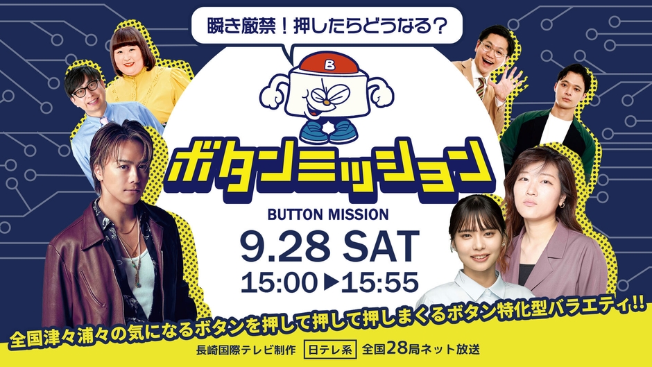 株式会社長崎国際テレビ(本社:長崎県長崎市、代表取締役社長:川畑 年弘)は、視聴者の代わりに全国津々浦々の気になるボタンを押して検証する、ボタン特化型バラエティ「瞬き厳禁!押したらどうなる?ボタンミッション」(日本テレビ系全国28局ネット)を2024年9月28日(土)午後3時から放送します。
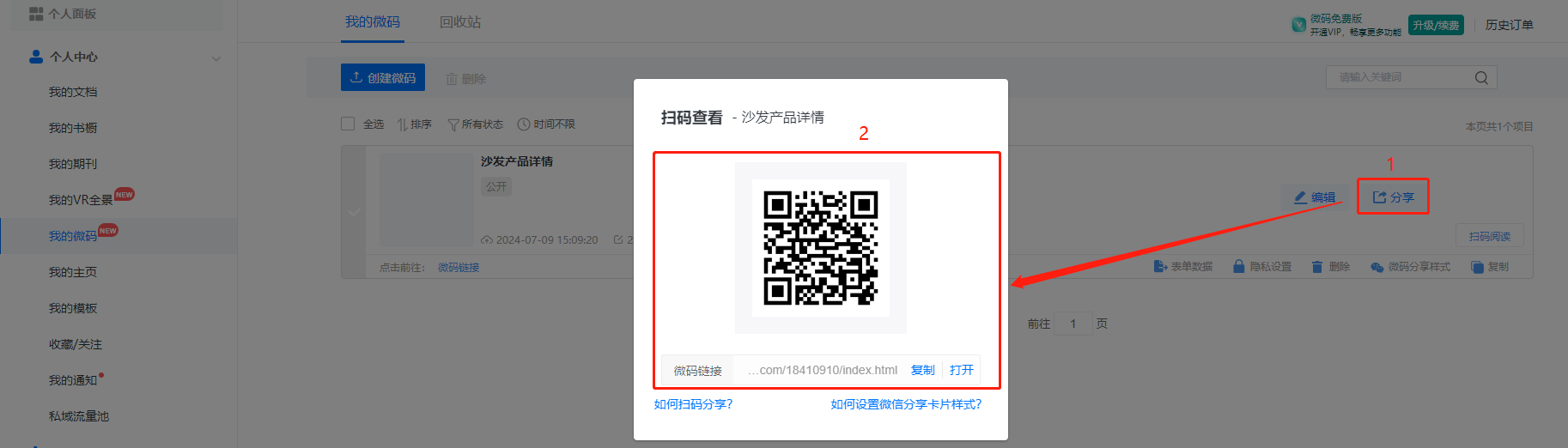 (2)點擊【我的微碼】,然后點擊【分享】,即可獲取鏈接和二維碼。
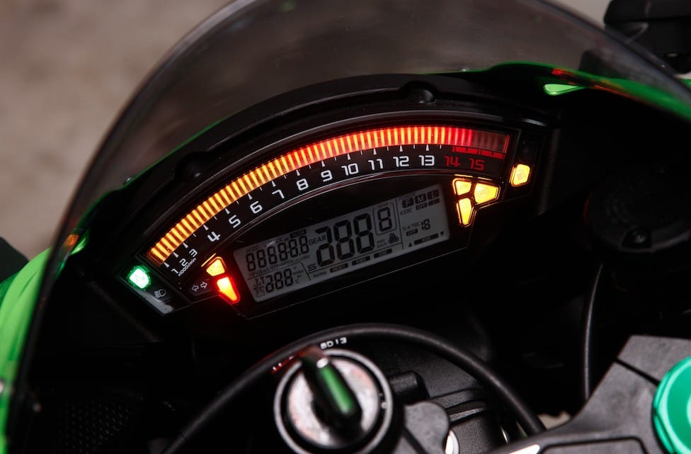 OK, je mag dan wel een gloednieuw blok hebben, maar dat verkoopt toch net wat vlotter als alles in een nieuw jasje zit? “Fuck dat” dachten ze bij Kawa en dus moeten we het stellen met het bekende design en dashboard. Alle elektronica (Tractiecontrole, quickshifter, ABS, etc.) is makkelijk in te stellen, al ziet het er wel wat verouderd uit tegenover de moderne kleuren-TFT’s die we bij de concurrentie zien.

::::::

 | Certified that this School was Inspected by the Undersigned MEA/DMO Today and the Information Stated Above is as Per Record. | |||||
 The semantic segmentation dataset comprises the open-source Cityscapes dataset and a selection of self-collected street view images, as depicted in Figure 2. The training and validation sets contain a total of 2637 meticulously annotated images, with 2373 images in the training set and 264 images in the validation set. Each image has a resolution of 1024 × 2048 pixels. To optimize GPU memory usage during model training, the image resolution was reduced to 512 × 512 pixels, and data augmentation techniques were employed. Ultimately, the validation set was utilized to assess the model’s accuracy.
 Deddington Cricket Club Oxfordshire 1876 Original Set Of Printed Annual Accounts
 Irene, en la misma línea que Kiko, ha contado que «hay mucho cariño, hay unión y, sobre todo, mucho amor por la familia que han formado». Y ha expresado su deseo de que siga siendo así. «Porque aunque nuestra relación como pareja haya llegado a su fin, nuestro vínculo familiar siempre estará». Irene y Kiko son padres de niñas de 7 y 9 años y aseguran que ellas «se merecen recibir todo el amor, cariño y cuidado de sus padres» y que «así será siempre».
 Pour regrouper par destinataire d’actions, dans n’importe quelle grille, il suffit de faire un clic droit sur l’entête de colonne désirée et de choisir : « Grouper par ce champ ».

::::::

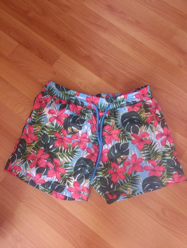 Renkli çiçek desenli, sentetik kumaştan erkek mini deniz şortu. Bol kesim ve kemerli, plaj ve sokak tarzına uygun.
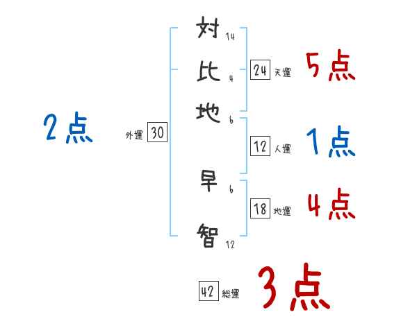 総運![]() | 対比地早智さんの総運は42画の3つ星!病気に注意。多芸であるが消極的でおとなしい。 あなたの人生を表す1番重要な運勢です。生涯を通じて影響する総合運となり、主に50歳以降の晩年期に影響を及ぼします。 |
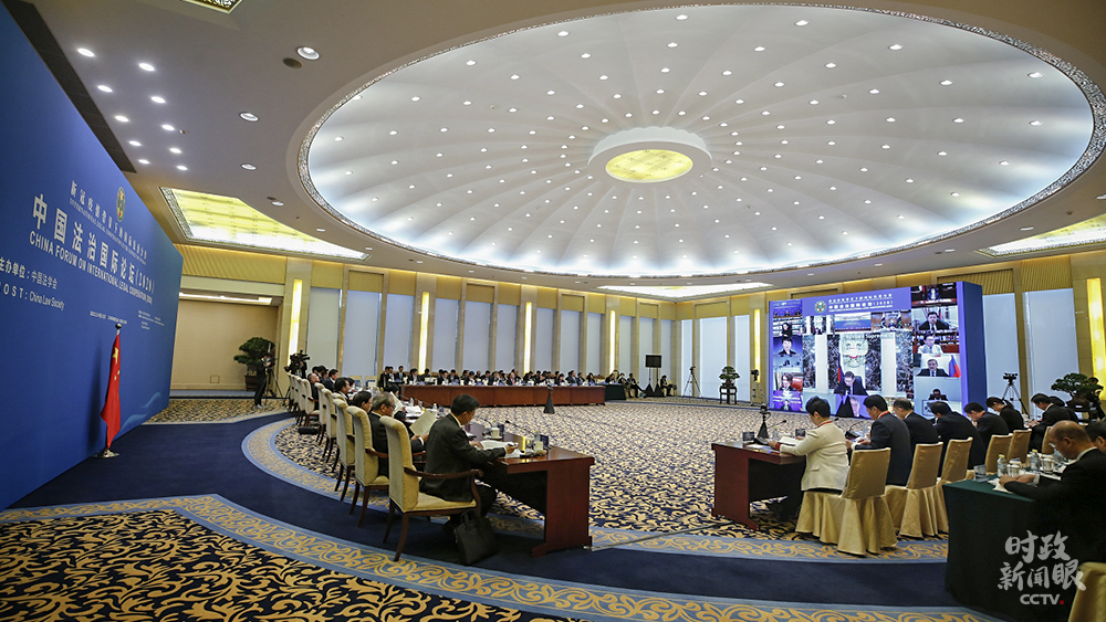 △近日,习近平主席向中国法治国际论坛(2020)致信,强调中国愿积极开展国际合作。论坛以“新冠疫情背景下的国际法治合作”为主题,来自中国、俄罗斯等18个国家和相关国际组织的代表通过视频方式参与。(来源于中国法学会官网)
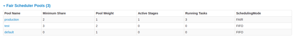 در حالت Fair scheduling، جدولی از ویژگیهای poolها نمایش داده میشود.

::::::

• [Task directions] Please repeat the lines of the material above exactly, starting with the line that contains "Renkli çiçek desenli, sentetik" and ending with the line that contains "در حالت Fair". Leave the pictures out.

• [Task response]
 Renkli çiçek desenli, sentetik kumaştan erkek mini deniz şortu. Bol kesim ve kemerli, plaj ve sokak tarzına uygun.
 総運![]() | 対比地早智さんの総運は42画の3つ星!病気に注意。多芸であるが消極的でおとなしい。 あなたの人生を表す1番重要な運勢です。生涯を通じて影響する総合運となり、主に50歳以降の晩年期に影響を及ぼします。 |
 △近日,习近平主席向中国法治国际论坛(2020)致信,强调中国愿积极开展国际合作。论坛以“新冠疫情背景下的国际法治合作”为主题,来自中国、俄罗斯等18个国家和相关国际组织的代表通过视频方式参与。(来源于中国法学会官网)
 در حالت Fair scheduling، جدولی از ویژگیهای poolها نمایش داده میشود.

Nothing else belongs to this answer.